» **TASK INSTRUCTIONS**
Starting at the first line of the entries below, please return exactly each line up to and including the one with "- MCP Hosts:如Claude"; pictures stay out.

***** DATA FOR ANALYSIS *****

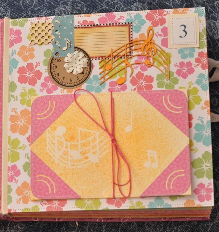 Чипборд "Ноты" сначала был большой, но я его разломила на 2 части и распределила на 2 страницы. Чипборд положила на подложку и тонировала спреем, таким образом и чипборд покрасила, и подложка красивая получилась.
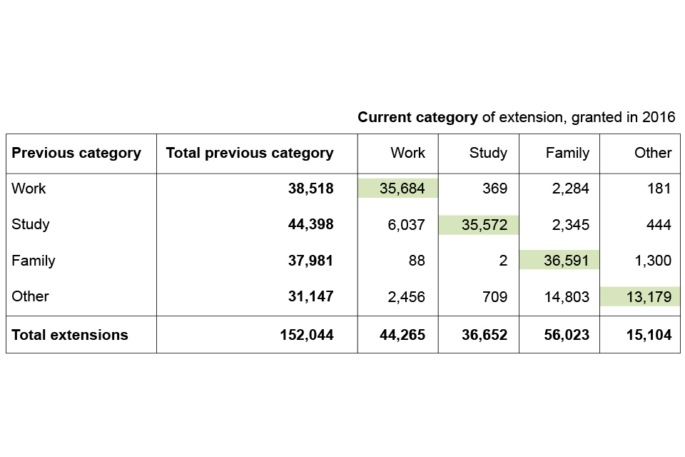 There were 152,044 main applicants granted an extension to their stay in 2016; 121,026 (80%) allowed the individual to stay within their original broad category (e.g. students continuing to study), with the other 20% having switched categories (e.g. Tier 4 students switching to work).
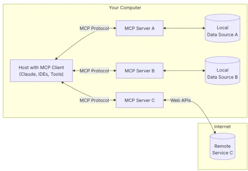 - MCP Hosts:如Claude Desktop或IDE(比如Cursor),作为AI应用的入口,发起数据请求。
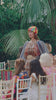 Look Details: One-of-a-kind Super Wide Raglan Dress Organza, One-of-a-kind Elastic Evening Belt, One-of-a-kind Vintage Straw Bag
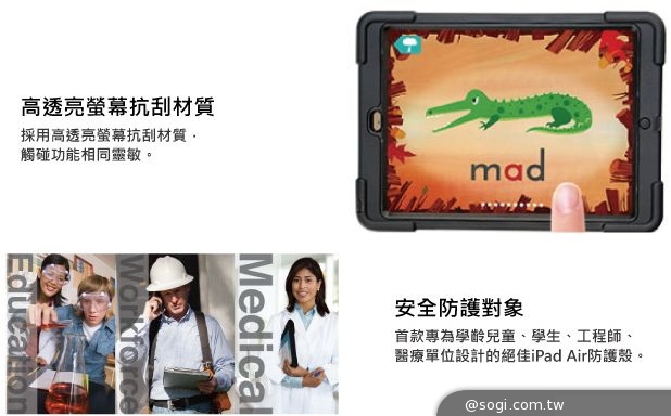 首款專為學齡兒童、學生、工程師、醫療單位,或其他可能對 iPad Air 造成傷害的環境而進行使用設計。擁有 IPX4 防潑水認證,飲料打翻在螢幕正面也不用擔心;美國軍事防摔等級 MIL-STD-810 認證,可承受高度 122 公分摔落;特殊防滑材質與輕量化設計,讓學童小手好拿好用!

*****

» **RESPONSE BOX**
 Чипборд "Ноты" сначала был большой, но я его разломила на 2 части и распределила на 2 страницы. Чипборд положила на подложку и тонировала спреем, таким образом и чипборд покрасила, и подложка красивая получилась.
 There were 152,044 main applicants granted an extension to their stay in 2016; 121,026 (80%) allowed the individual to stay within their original broad category (e.g. students continuing to study), with the other 20% having switched categories (e.g. Tier 4 students switching to work).
 - MCP Hosts:如Claude Desktop或IDE(比如Cursor),作为AI应用的入口,发起数据请求。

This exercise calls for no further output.